On 2025-03-17 10:36, Jan Beulich wrote:
> On 06.03.2025 23:03, Jason Andryuk wrote:
>> xl queries SYSCTL_physinfo for the physical cpus:
>> domU:~# xl list
>> libxl: error: libxl_utils.c:817:libxl_cpu_bitmap_alloc: failed to retrieve the maximum number of cpus
>> libxl: error: libxl_utils.c:817:libxl_cpu_bitmap_alloc: failed to retrieve the maximum number of cpus
>> libxl: error: libxl_utils.c:817:libxl_cpu_bitmap_alloc: failed to retrieve the maximum number of cpus
>> Name ID Mem VCPUs State Time(s)
>> Domain-0 0 800 1 r----- 130.0
>> dom0less-1 1 400 1 r----- 130.3
>> dom0less-2 2 800 1 r----- 130.3
>>
>> Hardware and control are both privileged. Allow them both access to
>> sysctls so they have insight into the running system. This is coarse
>> grained permissions for the dummy policy.
>
> In an earlier patch you alluded to the control domain being guarded against
> the hardware one. Shouldn't hwdom be limited operations retrieving info,
> but refused to make any changes to the system? Or maybe some kinds of
> changes are to be done by hwdom, but then shouldn't be possible to be made
> by the control domain?
As an example, with ACPI living in the hardware_domain, it would be the
domain to issue XEN_SYSCTL_pm_op to upload cpufreq data. But then
control domain should be in charge of controlling how the system is
running by setting cpufreq parameters.
>> --- a/xen/include/xsm/dummy.h
>> +++ b/xen/include/xsm/dummy.h
>> @@ -194,9 +194,10 @@ static XSM_INLINE int cf_check xsm_sysctl(XSM_DEFAULT_ARG int cmd)

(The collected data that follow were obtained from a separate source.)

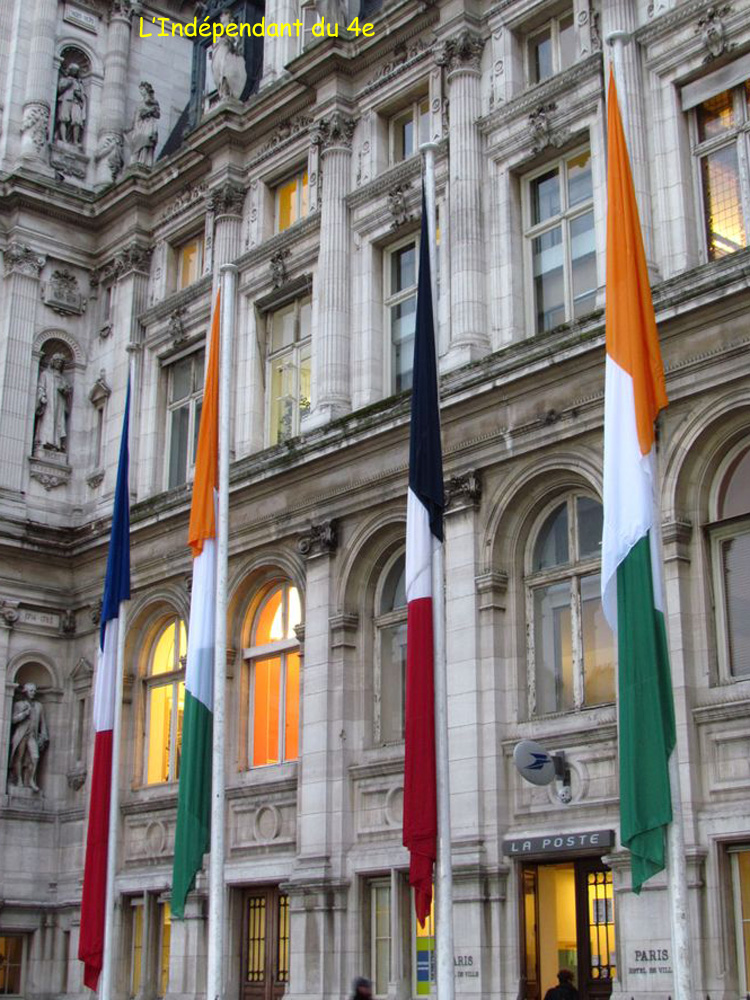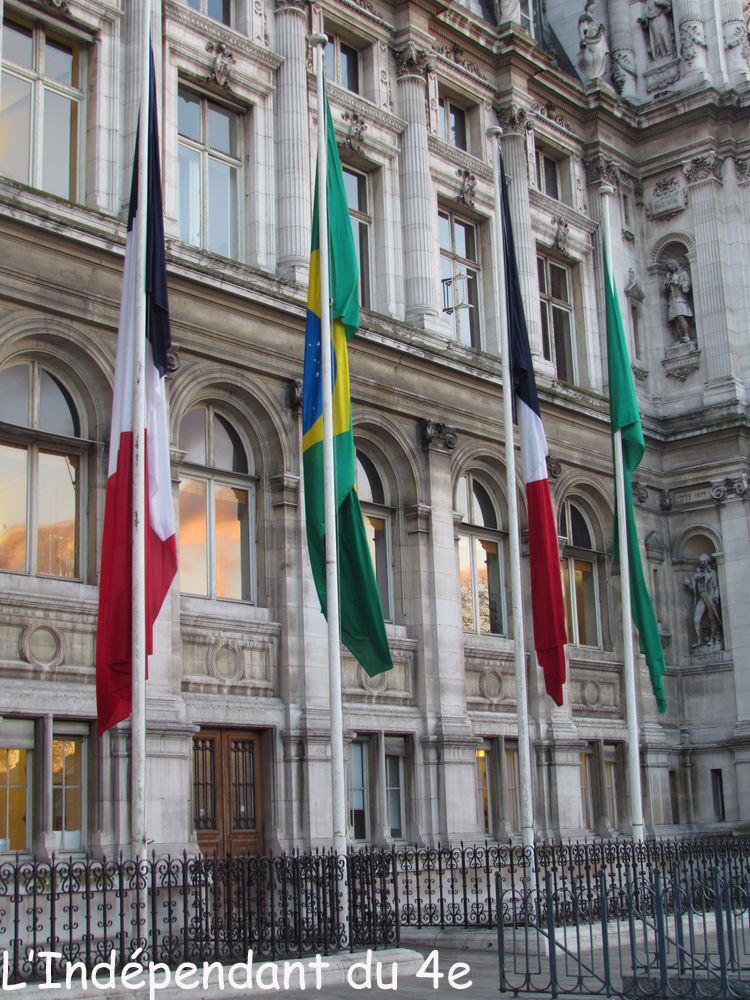 Ce n'est pas la première fois que je consacre un article aux drapeaux qui ornent l'Hôtel de Ville à l'occasion des visites d'Etat mais je suis vraiment très heureux de publier cet article. En effet, cet après-midi, j'ai eu le plaisir de voir la façade pavoisée des drapeaux allemands et français.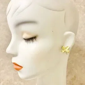 CHANEL CC Logos Clover Stud Earrings Gold Tone 03P Auth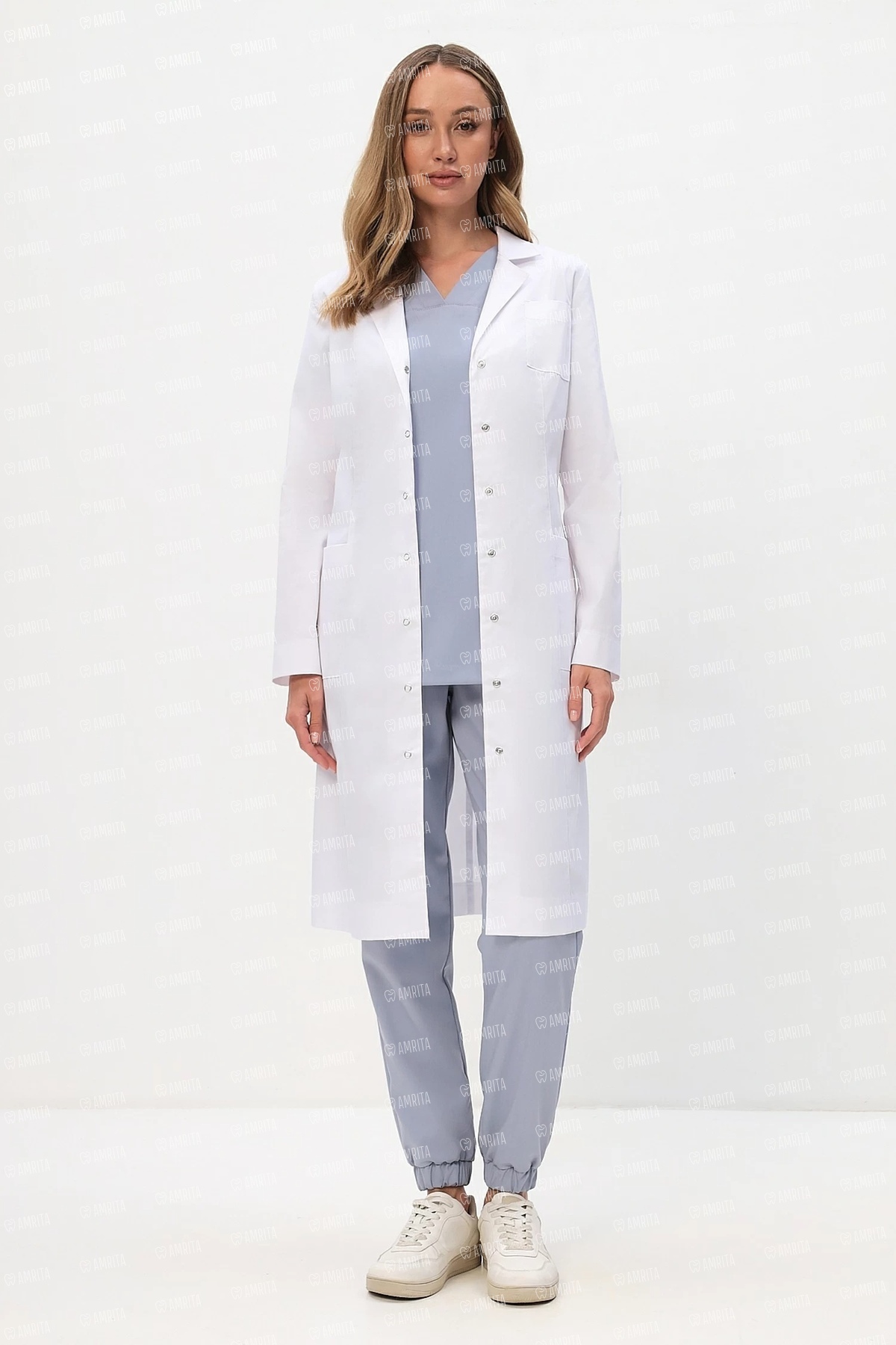 - Эталонный стиль: Классический английский воротник и застежка на семь надежных кнопок создают сдержанный, авторитетный образ, подходящий для врачей любой специальности.

>> case XEN_SYSCTL_getdomaininfolist:
>> return xsm_default_action(XSM_XS_PRIV, current->domain, NULL);
>> case XEN_SYSCTL_readconsole:
>> - case XEN_SYSCTL_physinfo:
>
> Didn't you add this line just a single patch ago?

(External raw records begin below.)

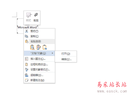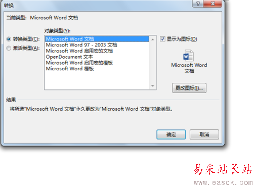 下一步直接保存退出就行了;如果一定要完美地看到文件圖標變成段落和文字,在文件圖標上單擊右鍵,選擇<文檔對象>-<轉換>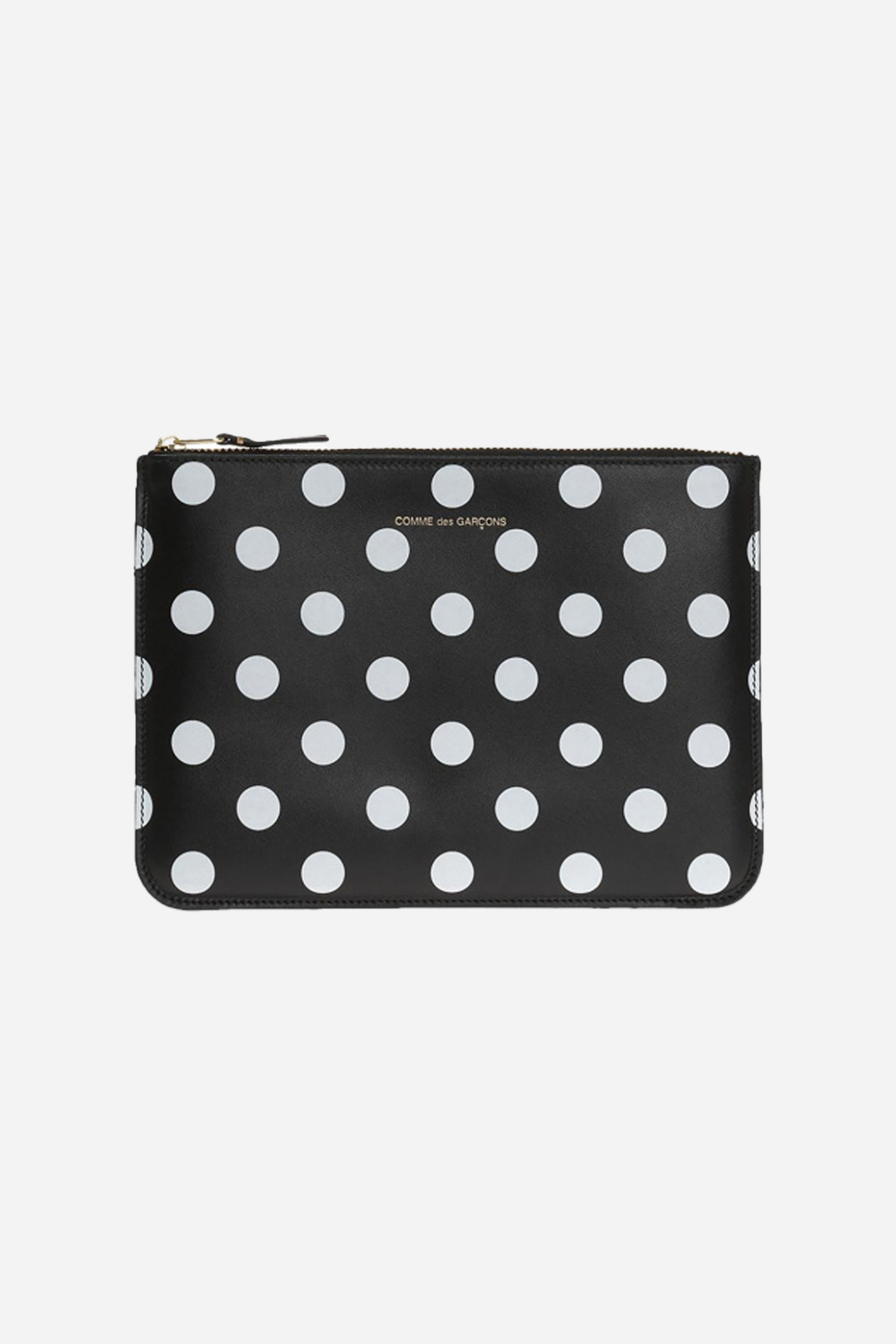 Wallet Polka Dot Printed Zip Pouch Black Large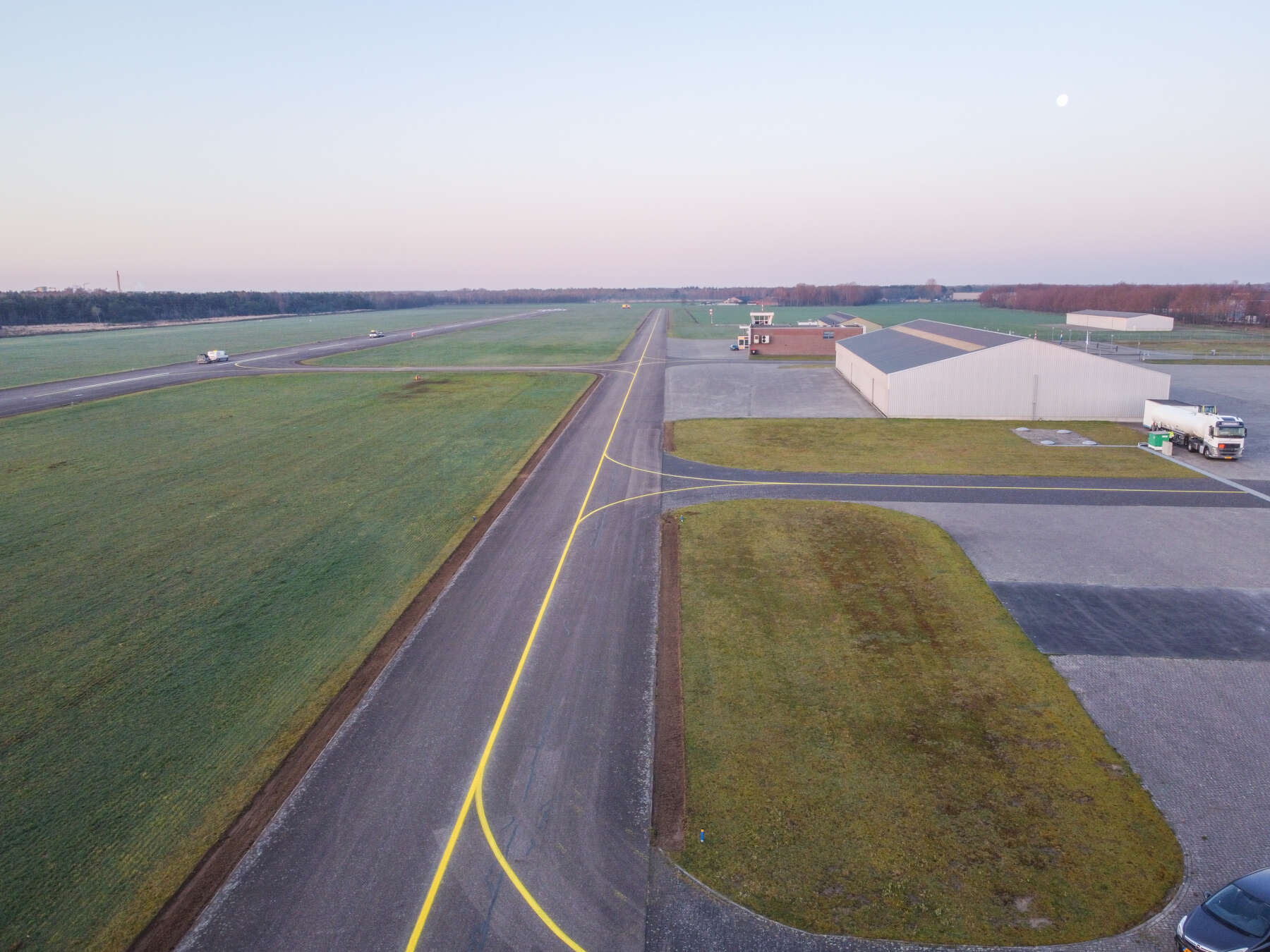 Iedere dag opnieuw komen wij op de mooiste locaties, maar sommige locaties zijn echte pareltjes. Zo ook Kempen Airport in Budel. Op de landingsbanen mochten wij op een bijzonder zonnige dag in maart ruim 3300 strekkende meter scheuren herstellen, 475 m² asfaltonderlaag vervangen en ruim 1000 m² nieuwe asfaltdeklaag aanbrengen.

Yes. The previous patch was a minimal change. This patch is a maximal
change. I thought this could be rejected and didn't want to merge the
two. Though XEN_SYSCTL_physinfo should be handled better even for the
minimal change.
This patch may go too far, hardware domain does have legitimate use to
some sysctls. For a coarse, base policy I went with allowing more to
hardware domain. Hardware domain can't be untrusted, so I erred on the
side of more permissions rather than fewer.